Cash buyer says NAMA taking too long to release properties

Proinsias O Naraigh posted an ad in the Irish Times looking for six to 12 unit apartment block – because he says he got tired of waiting for NAMA to sort out paperwork.

NAMA IS TAKING four to five months to release properties despite all approvals being given, a property developer has claimed to TheJournal.ie.

Proinsias O Naraigh said that properties that have been on the market that have received approval for sale from the vendor and auctioneer are not being released by NAMA because the Agency is failing to work itself through a mound of paperwork.

“There’s a lot of red tape which is turning off a lot of Irish and foreign investors looking to get into the market,” he told TheJournal.ie.

Many Georgian properties are offering very attractive yields of 10 per cent in areas such as Baggot Street and Leeson Street. However, NAMA is refusing to release them, he says.

O Naraigh placed a small ad at the back of yesterday’s Irish Times, saying he was a cash buyer looking to buy apartment blocks that were six to 12 units in size in Dublin. This was the ad:

NAMA had no official response to O Naraigh’s claims when they were put to them by TheJournal.ie but sources close to Agency said that they generally operated under a quick turnaround time. In a statement he made before an Oireachtas Committee on 8 March, NAMA Chairman Frank Daly said NAMA had “a robust but efficient credit approval process that decides on individual credit applications with an average turnaround time of six days”.

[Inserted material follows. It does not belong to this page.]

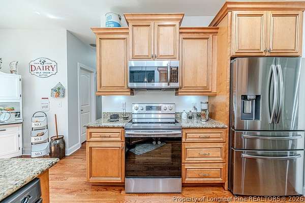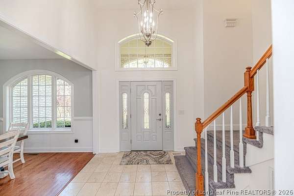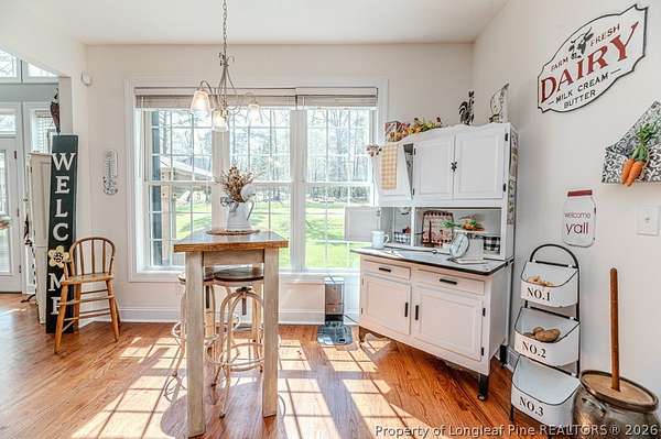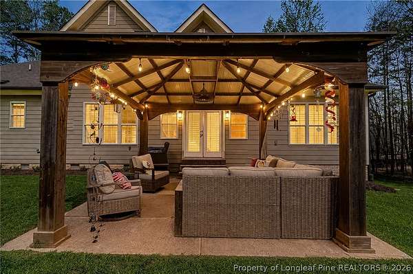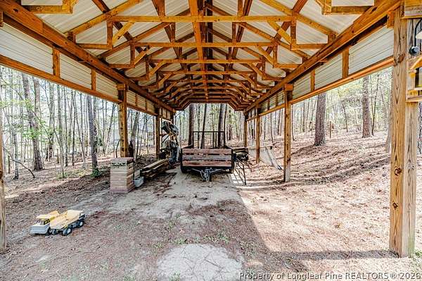 Custom built home on nearly 2 private acres offering luxury, privacy, and convenience just minutes to Raleigh and Southern Pines. This beautifully designed 4 bedroom home lives like a 5 bedroom with a spacious bonus room perfect for a guest suite, office, or flex space. Offering 2.5 baths, this home was thoughtfully crafted for both comfort and functionality. Inside, you will find an open layout filled with natural light and a seamless flow ideal for everyday living and entertaining. Every detail feels intentional, creating a warm and inviting atmosphere throughout. Step outside to enjoy a covered outdoor living area overlooking peaceful wooded surroundings. The fenced backyard offers space to relax, play, or entertain while maintaining privacy. This property also features a pole barn and an adorable house style shed, adding charm, storage, and versatility to the land. No HOA gives you the freedom to truly enjoy your property and make it your own. A rare opportunity to own a private retreat with space, flexibility, and timeless appeal.

O’Naraigh’s advertisement comes as Allsops gears up for its next auction of distressed properties in the Shelbourne Hotel, Dublin on 6 July.

According to Robert Hoban, Associate Director at the agency, over 50 per cent of buyers at the auctions are cash buyers.

“Before everything turned it was all finance,” he told TheJournal.ie. He added:

If everyone was paying in cash, the banks wouldn’t be in the situation that we are in now. But lending is down 93 per cent now, which means cash kicks in.

He said that a substantial number of the cash buyers were Irish people living overseas in Dubai, Australia and elsewhere who have been waiting several years for property prices to come down. There are typically 50 in every auction, he says. The percentage of sales to overseas bidders is around 15 per cent he added.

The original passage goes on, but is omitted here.